They say that when the US car industry catches the flu, the city of Detroit gets pneumonia. Michael McAleer, Motoring editor, reports.
If you were to judge the state of US car firms by wandering the streets of Motor City then the situation looks grim.
Detroit is showing the effects of the trouble and turmoil of its most famous industry. The home of Henry Ford, General Motors and Chrysler is now leading the US in terms of declining urban populations.
Some 26.1 per cent of its population is below the poverty line while figures from a government literacy study in 1998 claim 47 per cent of the population are "functionally illiterate". It consistently ranks in the top five US cities for murder rates.
While this week's motor show was full of the pomp and fanfare one expects from an American production, you only have to scratch the surface to uncover the problems.
As the show opened on Sunday, protesters from the autoworker unions demonstrated about pending wage and job cuts in the industry.
The promises of reform and a renewed offensive on the market from the so-called Big Three - Ford, General Motors (GM) and Chrysler - have been heard every year at Detroit in recent times.
Yet this year, you get the impression that they mean business. In fairness, Chrysler has already turned its business around.
Ford is in the midst of reforming its product range and GM is restructuring its production plants.
Ford is due to announce further details of its "Way Forward" recovery plan, including plant closures, on January 23rd.
Bill Ford, great grandson of the company's founder Henry Ford, said the plan "is going to be painful for some people" and might include the departure of some top managers.
The future, of course, does not simply depend on revamping the management line-up.
A car firm is all about its line-up. All three launched various concept versions and new models of all sizes, shapes and functions.
While many of them will never make their way to European markets, there is increased attention on US brands with the imminent arrival of Dodge and Cadillac to the Irish market in the coming months.
Dodge will return to Ireland after a 50-year absence, starting with its new Caliber and Nitro models, while Cadillac is set to bring the CTS and BLS to our shores during 2006.
At the Detroit show, Dodge revealed a concept version of its famous Challenger model, reportedly due to go into production in 2008.

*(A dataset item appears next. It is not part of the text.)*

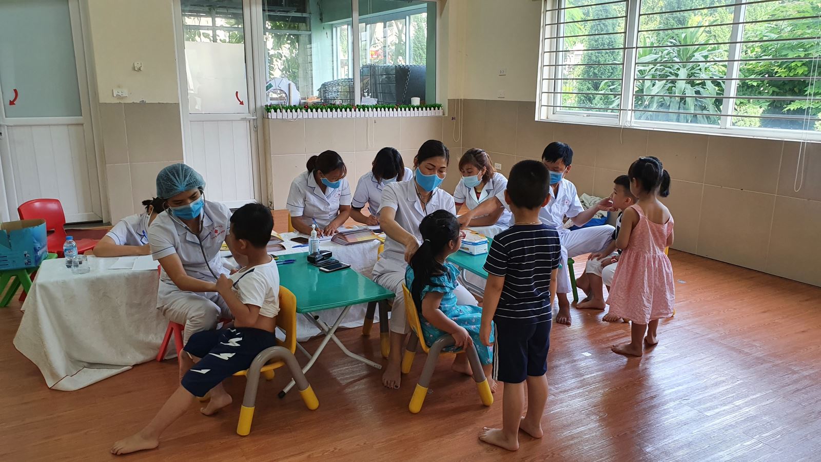 Thực hiện theo kế hoạch nhiệm vụ   !important;năm học 2020 – 2021 của Trường mầm non Đô Thị Việt Hưng, bộ phận y tế trường phối hợp với các bác sĩ của Trung tâm y tế Quận Long Biên tổ chức khám sức khỏe lần I cho 100% học sinh. Trong buổi khám, các bé đã được khám tất cả các chuyên khoa như: Tai, mũi, họng, răng hàm mặt, nghe tim, phổi, … Dưới sự hướng dẫn tận tình và sự chăm sóc chu đáo của ban giám hiệu, nhân viên y tế, và các giáo viên, các bé đều có tâm lí vô cùng thoải mái và hợp tác tốt với các bác sĩ trong quá trình khám sức khỏe. Bên cạnh đó các bé cũng được nghe các bác sỹ dặn dò và hướng dẫn cách vệ sinh răng miêng, cách rửa tay bằng xà phòng và cách giữ gìn chân tay sạch sẽ.
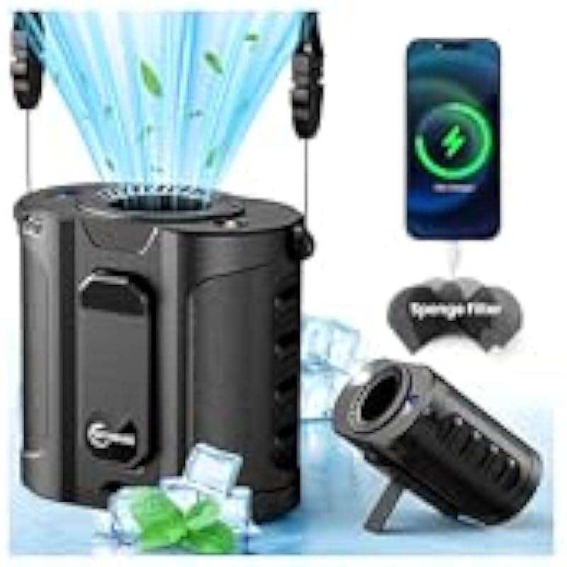 - 【Hands-Free Summer Essential】This versatile fan can work as a waist clip fan, under shirt fan, hanging neck fan or desk fan. It’s your ultimate outdoor companion with built-in LED flashlight and phone charger, perfect for jobsites, camping or daily adventures. Stay cool and hands-free wherever you go!

The car has not been on sale since 1983. The concept has the 6.1-litre Hemi V8 coupled to a six-speed manual transmission, and borrows many styling cues from the original 1970 model.
Sister company Chrysler also introduced a concept, the Imperial, which bears a remarkable similarity to the Rolls Royce Phantom and no doubt will have designers of the prestige British model rather annoyed.
It comes complete with rear-opening "suicide doors" and a large front grille, but it's still too early to say whether it will ever make it on to the forecourts.
Meanwhile, from the European brands, Mercedes launched its new GL-Class, a full-size SUV that will suit the Americans but will also be sold in Europe.
Similar to the new M-Class at the front, it has a significantly larger rear with a taller cabin and more bootspace.
Mini introduced the latest version of its Mini Traveller concept, confirming it will go into production.
Parent company BMW, not to be outdone, introduced its new M version of the Z4.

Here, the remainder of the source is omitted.